A sonolência é evidente nas vacas quando adotam uma postura de repouso tranquila, com as pálpebras relaxadas, mas muitas vezes pode ser confundida com o sono NREM. Durante este tipo de sono as vacas deitam-se mas permanecem com as cabeças levantadas, dificultando a diferenciação com as vacas em outros estados de sono.

Por outro lado, o sono REM é identificado pelo tónus muscular reduzido, especificamente na região do pescoço em vacas leiteiras. As vacas também podem demonstrar movimentos rápidos dos globos oculares e espasmos musculares. As vacas podem revelar o sono NREM em pé, mas o sono REM só pode ser alcançado quando se encontram em decúbito. A postura deitada e o seu comportamento são muito esclarecedores acerca do tipo de sono em vitelos, no entanto em vacas a postura deitada é um mau indicador dos estados do sono, visto que a sonolência e o sono NREM não podem ser distinguidos apenas por indicadores comportamentais.

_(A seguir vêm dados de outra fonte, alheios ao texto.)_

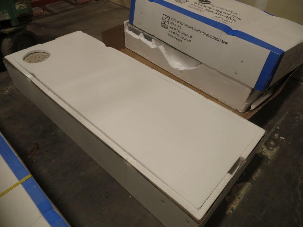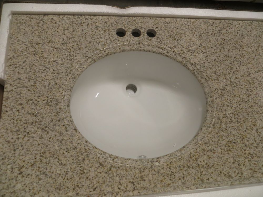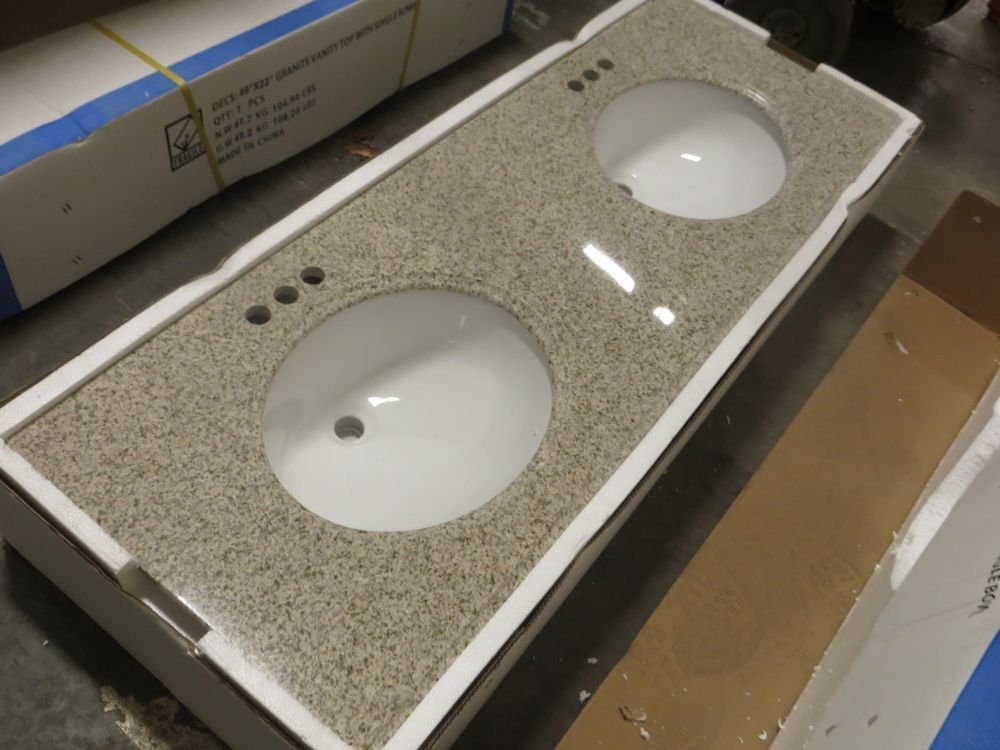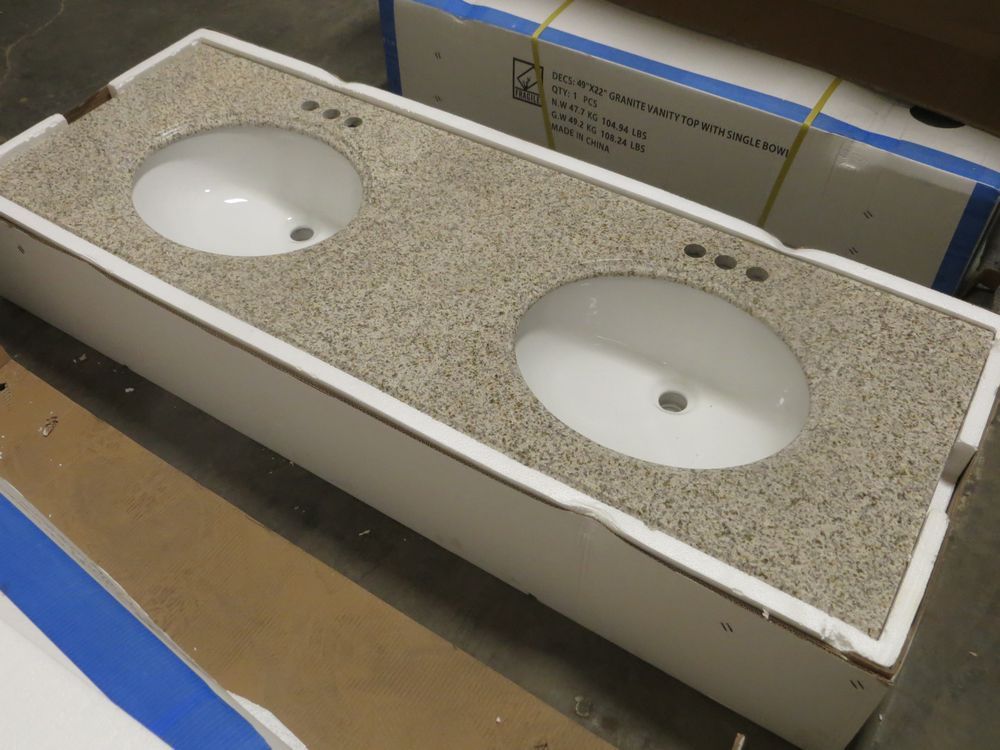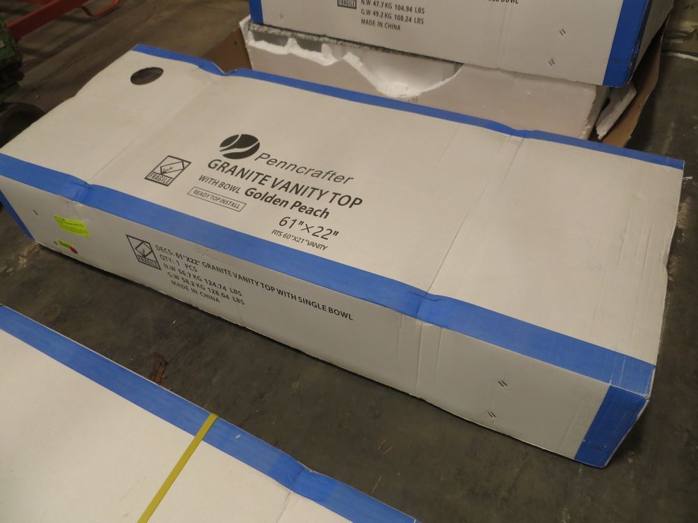 Golden Peach Granite Vanity Top 61" x 22". Penncrafter, with Bowl & Backsplash; Grade New *Any manufacturer warranties are NOT VALID with any purchase at our Auctions unless stated otherwise.. Weight: 128. Sold by: Piece. Sold as: Quantity x Price.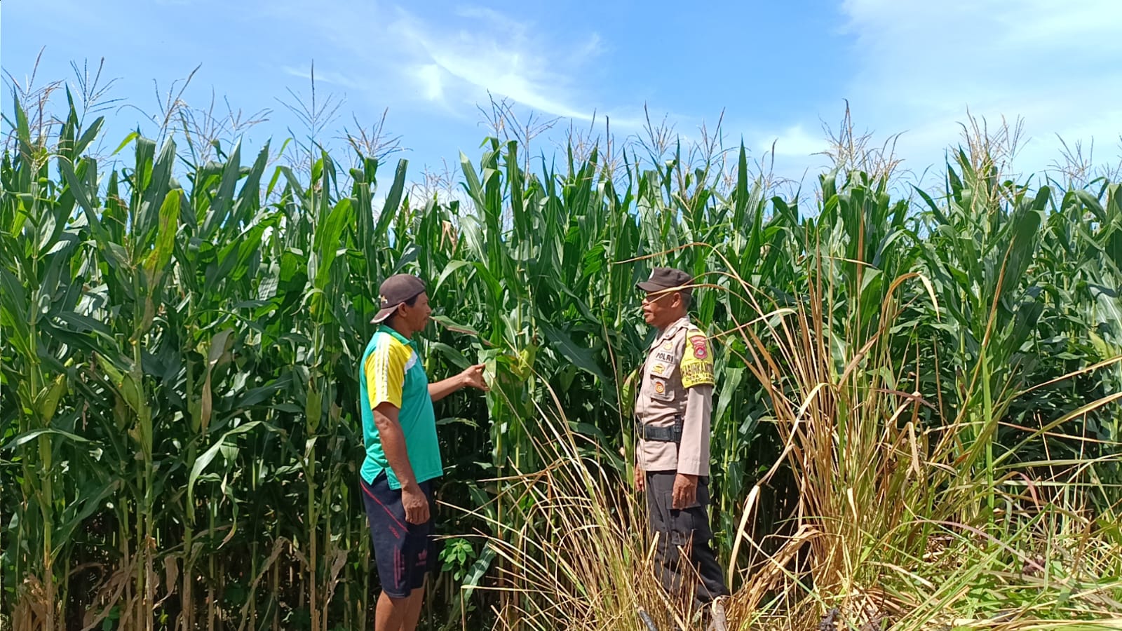 Bhabinkamtibmas melakukan sambang sambil memantau kondisi tanaman jagung yang saat ini baru berumur 3 bulan. Pemantauan ini bertujuan memastikan pertumbuhan tanaman berjalan baik dan terhindar dari hama, sehingga potensi hasil panen yang maksimal dapat tercapai. Selain pemantauan, Bhabinkamtibmas juga berinteraksi dengan petani, memberikan semangat serta imbauan agar selalu menjaga keamanan lahan pertanian.

As vacas alojadas individualmente em cubículos dormem aproximadamente quatro horas por dia e ficam num estado de sonolência durante cerca de oito horas.

As vacas dormem mais à noite, quando o ambiente do estábulo se torna mais tranquilo, mas o sono pode ocorrer durante todo o dia. Nestes casos os períodos de sonolência podem ser interrompidos por atividades de maneio rotineiras na exploração leiteira, como sejam a distribuição de alimento na manjedoura, a ordenha, entre outras operações de maneio passíveis de perturbar o descanso dos animais.

 

Fatores que influenciam o sono

As vacas na fase inicial e no pico da lactação dormiram menos comparativamente às vacas secas quando monitorizadas num período de 24 horas. As vacas no pico da lactação demonstraram sono REM mais prolongado, o que pode expressar a grande importância deste tipo de sono no nível produtivo dos animais.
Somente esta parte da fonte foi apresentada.